> Aim of the exercise
Before you write out the listing, remove the pictures; everything else stays exactly as it is.

[Data — start]

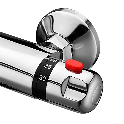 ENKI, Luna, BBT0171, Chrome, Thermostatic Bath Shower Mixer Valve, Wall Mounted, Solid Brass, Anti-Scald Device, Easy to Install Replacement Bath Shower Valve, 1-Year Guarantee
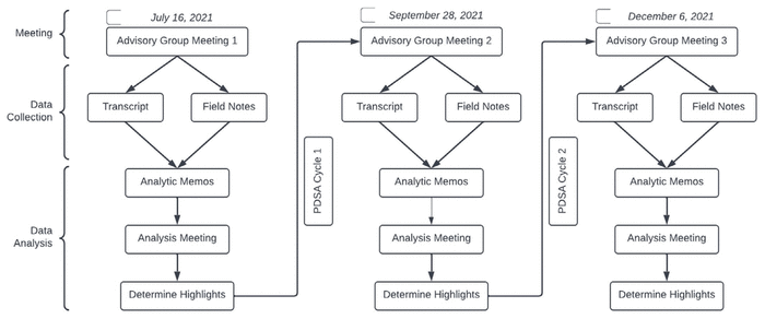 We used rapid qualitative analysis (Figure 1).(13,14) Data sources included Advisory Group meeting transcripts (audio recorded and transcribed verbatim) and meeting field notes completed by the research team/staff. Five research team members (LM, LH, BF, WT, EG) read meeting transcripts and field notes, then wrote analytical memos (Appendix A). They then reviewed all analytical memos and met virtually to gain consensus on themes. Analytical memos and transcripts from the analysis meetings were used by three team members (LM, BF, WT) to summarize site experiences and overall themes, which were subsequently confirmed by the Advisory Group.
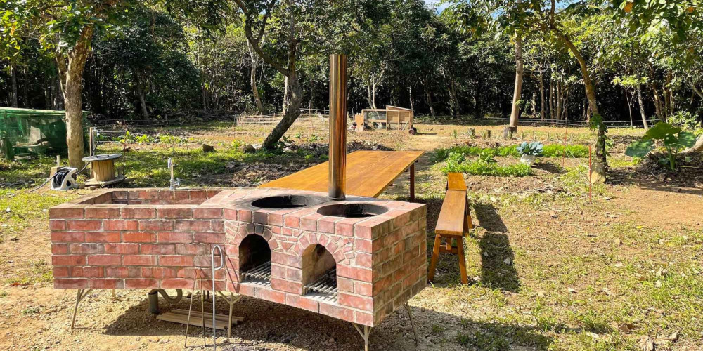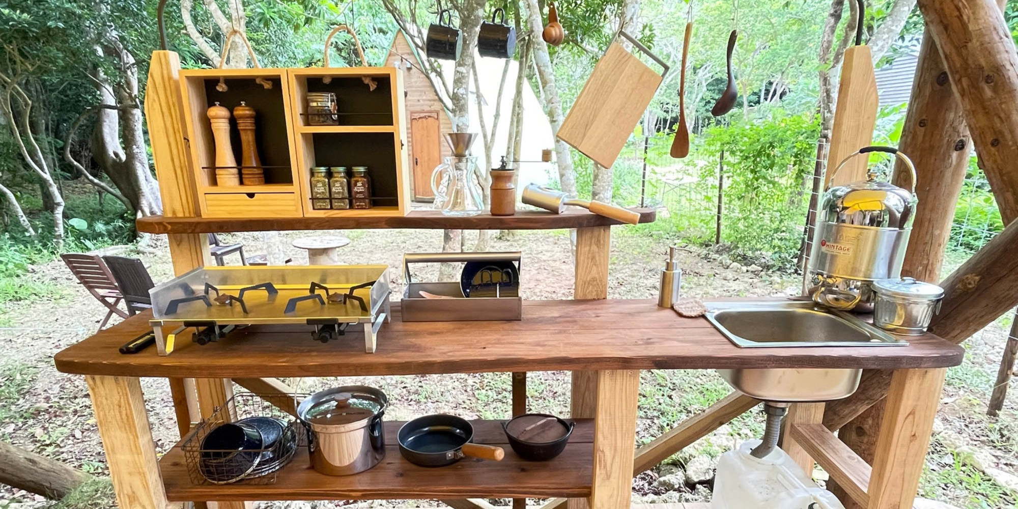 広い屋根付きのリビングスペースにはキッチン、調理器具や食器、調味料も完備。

[Data — finish]

> Exercise answer
 ENKI, Luna, BBT0171, Chrome, Thermostatic Bath Shower Mixer Valve, Wall Mounted, Solid Brass, Anti-Scald Device, Easy to Install Replacement Bath Shower Valve, 1-Year Guarantee
 We used rapid qualitative analysis (Figure 1).(13,14) Data sources included Advisory Group meeting transcripts (audio recorded and transcribed verbatim) and meeting field notes completed by the research team/staff. Five research team members (LM, LH, BF, WT, EG) read meeting transcripts and field notes, then wrote analytical memos (Appendix A). They then reviewed all analytical memos and met virtually to gain consensus on themes. Analytical memos and transcripts from the analysis meetings were used by three team members (LM, BF, WT) to summarize site experiences and overall themes, which were subsequently confirmed by the Advisory Group.
 広い屋根付きのリビングスペースにはキッチン、調理器具や食器、調味料も完備。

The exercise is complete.